Keiner ging ran, es wurde aufgelegt. Also habe ich das auch. Die Nummer habe ich gegoogelt und rausgefunden, dass sie wohl zu einer Abzocke Firma gehört, welche normalerweise Lottoscheine verkauft. Also, ins Handy als Benutzer eingespeichert "NICHT ABNEHMEN" und ab da die weiteren 2 oder 3 Versuche mit "Besetzt" ignoriert.
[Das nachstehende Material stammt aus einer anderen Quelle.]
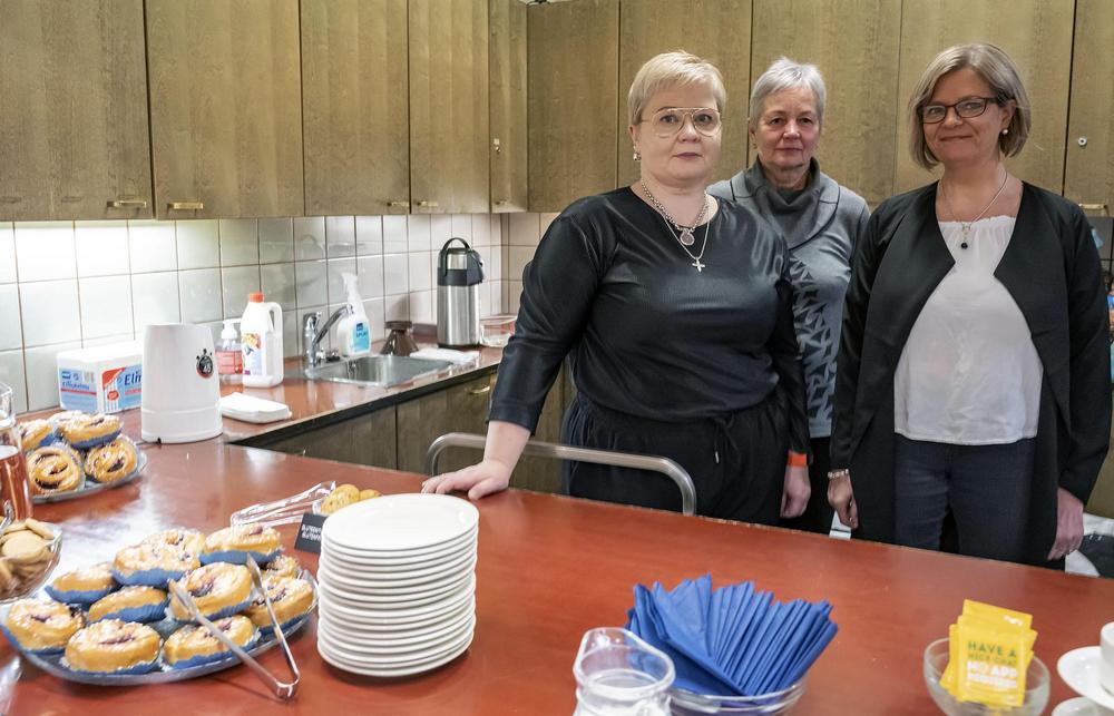 Kutsuvieraiden ja talkooväen kahvituksesta vastasivat MNL Pirkanmaan Piirin jäsenet vasemmalta Johanna Ahlgren-Holappa Messukylästä ja Sanna Myllymäki ja Marjo-Riitta Pirhonen Hämeenkyrön yhdistyksestä.

Böses erwachen gab es aber als ich die Telefonrechnung bekam: 75€ für ein angebliches Gespräch in die Philippinen?! Die aufgeführte Nummer fing an mit +636949179xxxxxxx (den Rest habe ich rausgelassen da ich die Handynummer kenne!). Angeblich exact 40 Minuten! Lustig, bevor ihr fragt: nein aus der Tasche kann ich nicht gewählt haben da ich mich zu fraglicher Zeit in einem Funkloch befand (auf der Arbeit, ist da immer so - alle Gespräche werden unterbrochen).

Mehrere Fragen:
1) Warum? Ist das ein R-Gespräch auf eine Nummer die es nicht gibt? Denn dass diese existieren sollte bezweifle ich stark!
2) Wie gehe ich dagegen vor? Ich habe bereits eine Anfrage bei 1und1 gestellt und ein qualifiziertes Prüfprotokoll nach Paragraph 45 TKG verlangt.
3) Woher zu Hölle bekommen die Nummern die ich anrufe und wie schalten die eine Philippinische Vorwahl davor? Ich habe KEIN Android Handy oder so - ein altes Sony Ericson K800i... und da war in der Liste welche Nummern gewählt wurden diese nicht drin!


----------



## Aka-Aka (12 März 2012)

Das ist rätselhaft, zumal es - as far as I know - im philippinischen Telefonnetz keine Nummern gibt, die mit 694 beginnen.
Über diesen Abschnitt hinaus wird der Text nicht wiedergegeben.